If you’re dealing with heart disease, you’re likely following a treatment plan from your doctor—as you should.

But you should also be aware that according to a new study, led by the Duke University Clinical Research Institute, more than 90% of heart disease treatment guidelines stem from less-solid science—evidence that came from just a single trial or observational analyses, or from expert opinion.

The study, published today in JAMA, found that only 8.5% of the treatment guidelines doctors follow for people with heart disease are based on gold standard research—meaning that the evidence is based on multiple large, randomized, clinical trials.

Only 8.5% of the treatment guidelines doctors follow for people with heart disease are based on gold standard research.

The study’s researchers reviewed the science behind more than 6,300 recommendations from the American College of Cardiology and the American Heart Association and the European Society of Cardiology. They were following up on a 2009 study which found that 11% of treatment guidelines met the gold standard.

What’s been proven to work

That doesn’t mean, of course, that all treatment plans lack solid evidence. Experts say the following regimens are well-supported:

Prescription medication. All drugs need to have serious research backing them before the FDA approves them for the market. “Look at the way we’ve reduced heart attacks since statins have been out. There’s good data that statins are partially responsible for that,” says Nieca Goldberg, medical director of the Joan H. Tish Center for Women’s Health at NYU Langone Medical Center.

Exercising regularly and quitting smoking. There’s a lot of evidence that people who exercise and are active live longer, healthier lives, Goldberg says. Smoking, of course, is bad for you for lots of reasons, not just your heart health.

Daily aspirin. “Evidence is very strong for aspirin in people with existing heart or vascular disease,” Goldberg says. And studies are fine-tuning the recommendations for aspirin use for others.  

There’s also reasonable evidence for medical devices, like internal defibrillators and pacemakers, says lead author Alexander Fanaroff, an interventional cardiologist an the Duke Clinical Research Institute.

Where the evidence is lacking

By contrast, one area where doctors commonly offer advice—diet—actually lacks for solid evidence for treatment plans, says Fanaroff. Controlling your sodium is one area where we don’t have good evidence, he points out.

“There’s a real lack of evidence is in dietary [recommendations].”
Cardiologist Alexander Fanaroff

Fanaroff also says that there also isn’t much evidence for treatments for valvular heart disease, a condition in which one of the four heart valves has a defect or is otherwise damaged. Same goes for treating congenital heart disease in adults: “Less than 2% [of treatments] are supported by evidence from randomized, controlled trials.”

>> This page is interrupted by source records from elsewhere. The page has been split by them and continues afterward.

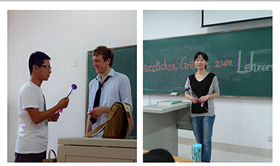 大二英语一班,学生代表为老师奉上了新鲜娇艳的花束以及写满祝福的温暖小纸条。大二德语二班,文艺委员在黑板上写下了“祝老师教师节快乐”,当老师走上讲台发现了充满爱意的祝福后,露出欣慰的微笑,老师们表示了感谢,班里洋溢着温馨浓郁的师生情谊。
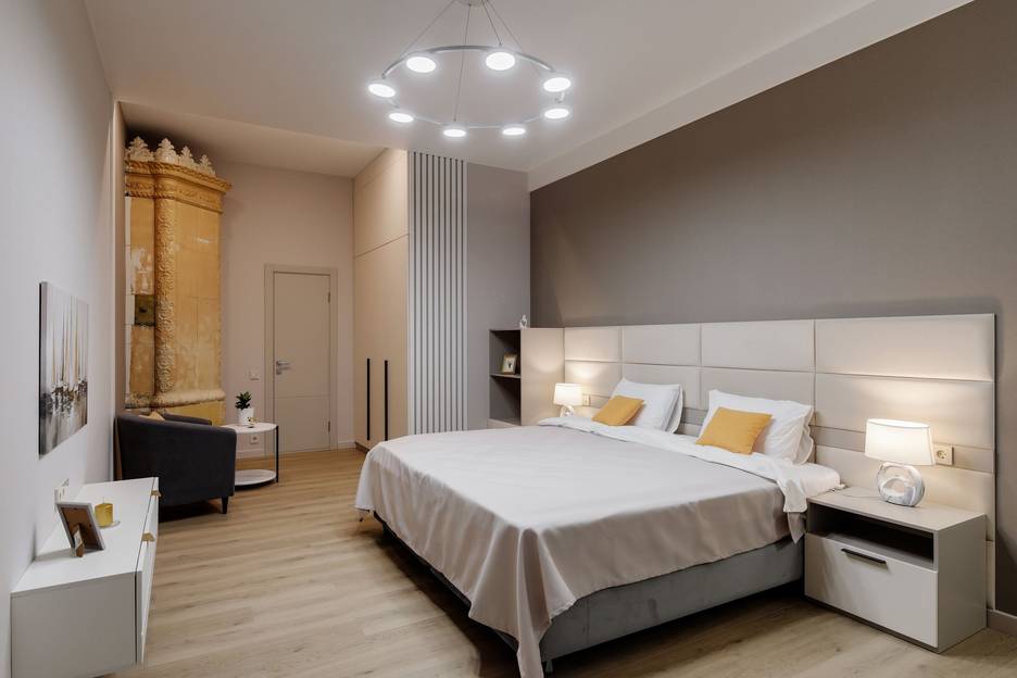 • 2 тихие спальни с ортопедическими матрасами, спальные места 200х200см и 180х200см. Спальное место 200х200см может быть подготовлено в формате одной большой кровати так и 2ух кроватей 100х200см по вашему желанию.
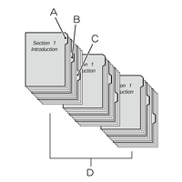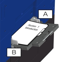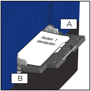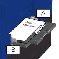 A:奥側 B:手前側 | A:印刷された面/プリントする面 B:1枚目のインデックス紙 C:2枚目のインデックス紙 D:3枚目のインデックス紙 | A:1枚目のインデックス紙 B:2枚目のインデックス紙 C:3枚目のインデックス紙 D:3部の印刷セット |
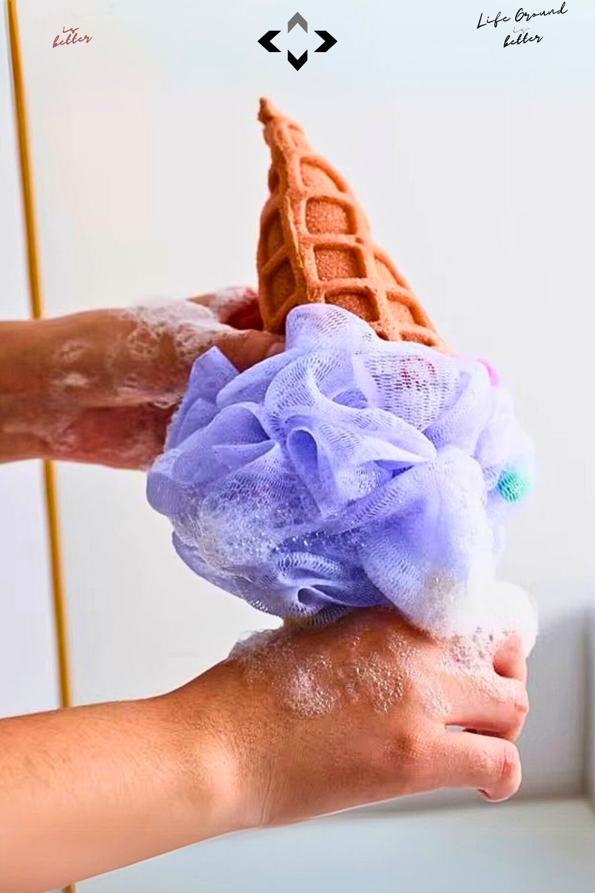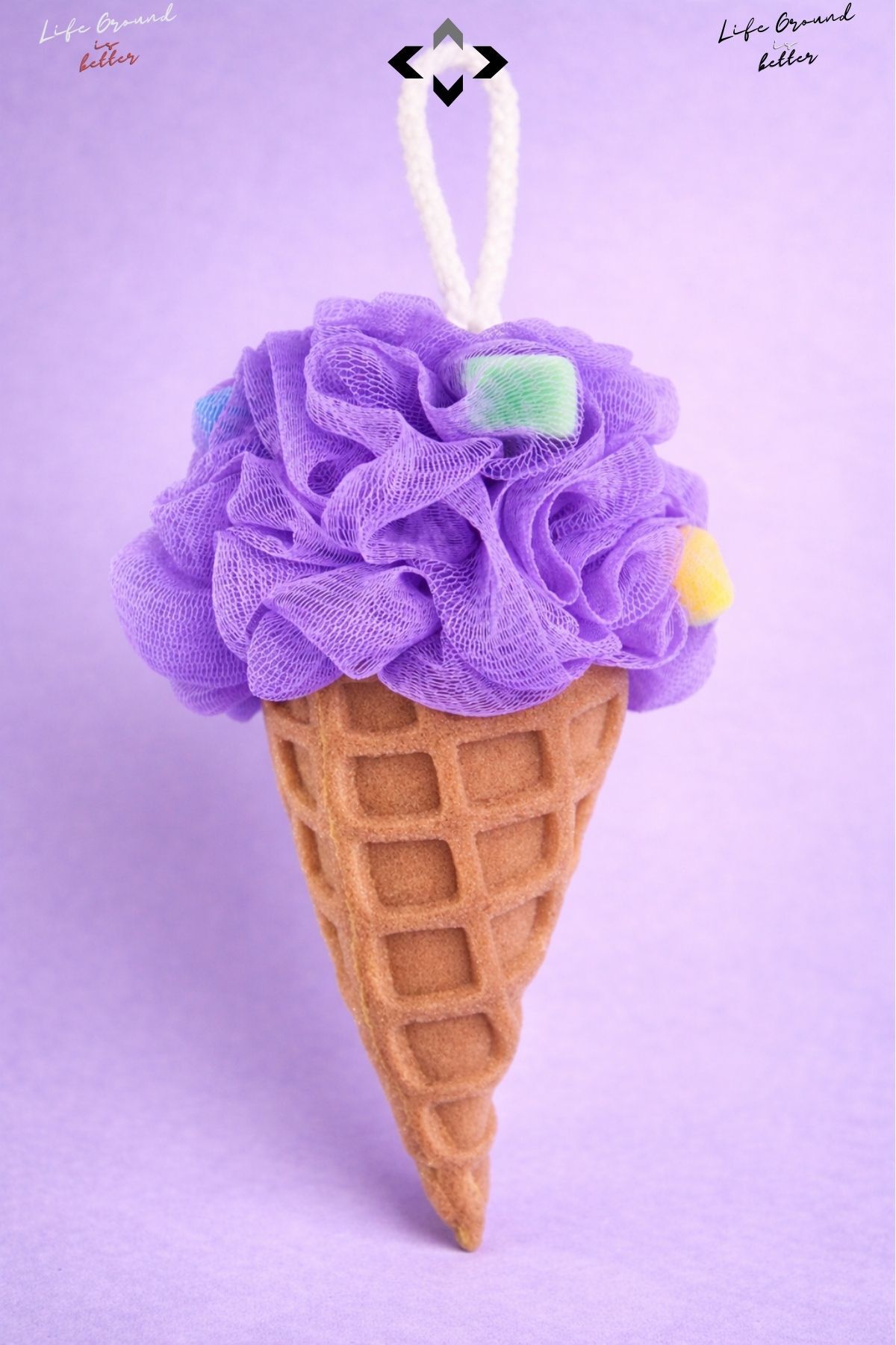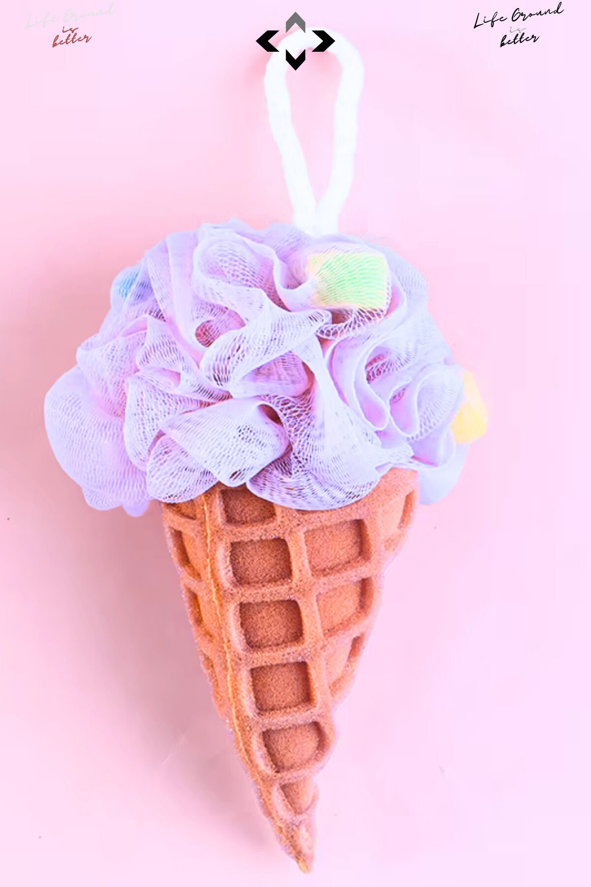 Mor Sweety Dondurma Desenli Banyo Duş Kesesi Banyo Vücut Lifi Süngeri Çocuk/Yetişkin Banyo Lifi
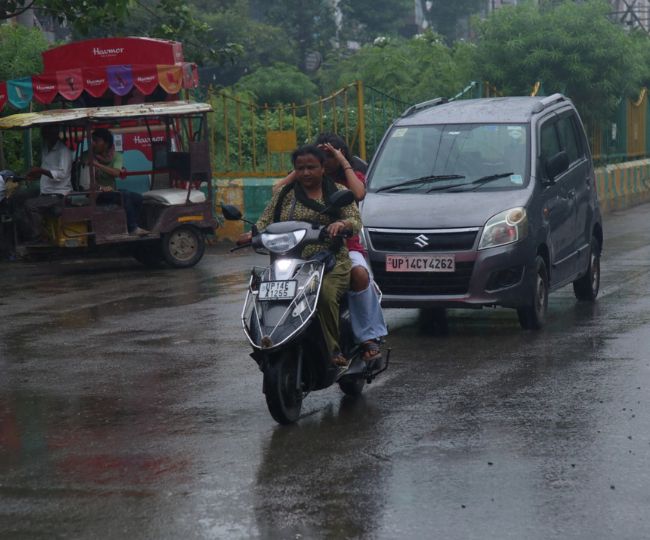 इंदिरापुरम में हल्की वर्षा में गुजरते वाहन : जागरण
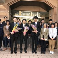佐々木君・貞廣君(修士2年)、築地君・武井君・来住君(6年)、石井君・甲斐さん(4年)おめでとうございます。
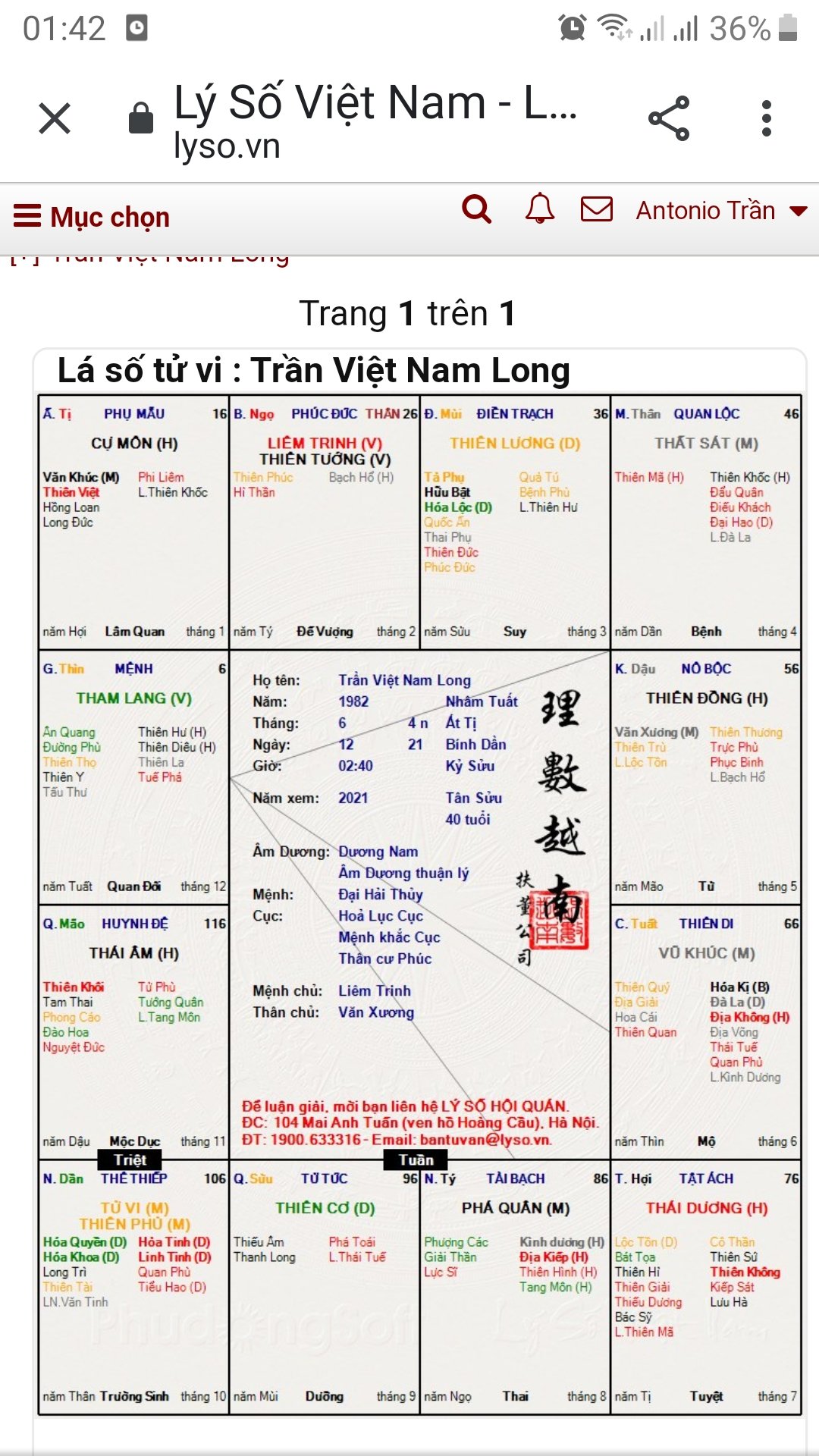 Ông hầu như chỉ có một bà vợ chính thức đó. Bỏ thì ông không nỡ, nhưng lại sủng ái nhị phòng!Antonio Trần đã viết: 20:32, 19/05/21Dạ em cảm ơn anh đã xem giúp rất chính xác ạ. Vậy phiền anh xem em có tất cả mấy đời vợ ạ. Vì hiện tại em đang ở với nhị phòng nhưng chị phòng cũng thuộc mệnh hiếm con và hiện có 1 đứa con trai riêng. Phiền anh giúp đỡ em cảm ơn nhiều lắm ạ!Dokhoavan đã viết: 17:40, 19/05/21Mệnh này là hiếm con. Chính thất may ra chỉ có chút con gái mà cũng khó sinh hoặc sinh non. Có thể có con trai do kế thất hoặc nhị phòng sinh ra!Antonio Trần đã viết: 16:56, 19/05/21 Thưa các vị gia đình nhà em đã 4 đời đơn truyền rồi nên kinh mong mọi người xem hộ giúp em ạ! Xin chân thành cảm ơn ạScreenshot_20210519-014254_Chrome.jpg

That’s because for conditions like these, there simply aren’t as many people to study—it’s easier to research high blood pressure and high cholesterol levels, since so many people have these conditions.

In fact, the areas that were studied most often in randomized controlled trials had more gold standard research supporting them. Still, they came in under 33%. 

Asking the right questions

Given the lack of well-supported evidence surrounding certain treatments, it’s important to press your doctors for details.

When doctors look at treatment guidelines, they can see information about how strong the recommendation is and what evidence is behind it, says Peter Reyes, a cardiologist with The Heart Center at Mercy in Baltimore. So talk to your doctor about your specific condition or treatment.

Ask, “In your best calculation, what are the risks and benefits of the therapy you are recommending?” says Goldberg.